→ **ABOUT THIS EXERCISE**
Word for word, restate the lines from the one containing "Najbardziej rozpowszechniona technika" through the last line of the material, and include no pictures.

→ **DATA BLOCK**
▼
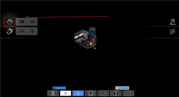 4、左上角有个手掌图标,这是万能互动键,捡东西、开门、跟人说话全靠它。
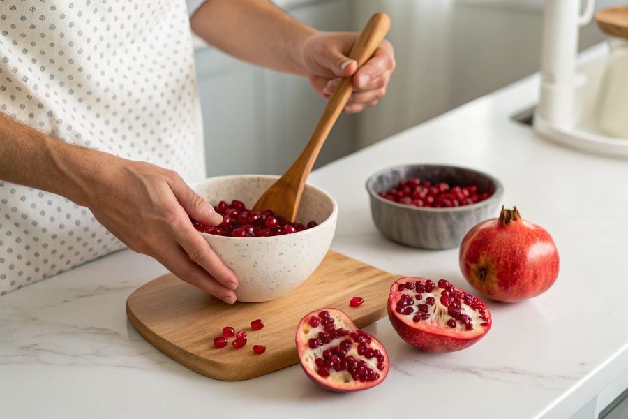 Najbardziej rozpowszechniona technika wydobywania pestek z granatu polega na przekrojeniu owocu na pół i wybijaniu nasion łyżką. Aby wykonać tę metodę prawidłowo:
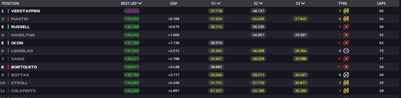 Morningsession done, normal racedistance is 57 laps, so most of the teams did a race distance this morning, no big problems, but also no hot laps yet
▲
→ **ANSWER**
 Najbardziej rozpowszechniona technika wydobywania pestek z granatu polega na przekrojeniu owocu na pół i wybijaniu nasion łyżką. Aby wykonać tę metodę prawidłowo:
 Morningsession done, normal racedistance is 57 laps, so most of the teams did a race distance this morning, no big problems, but also no hot laps yet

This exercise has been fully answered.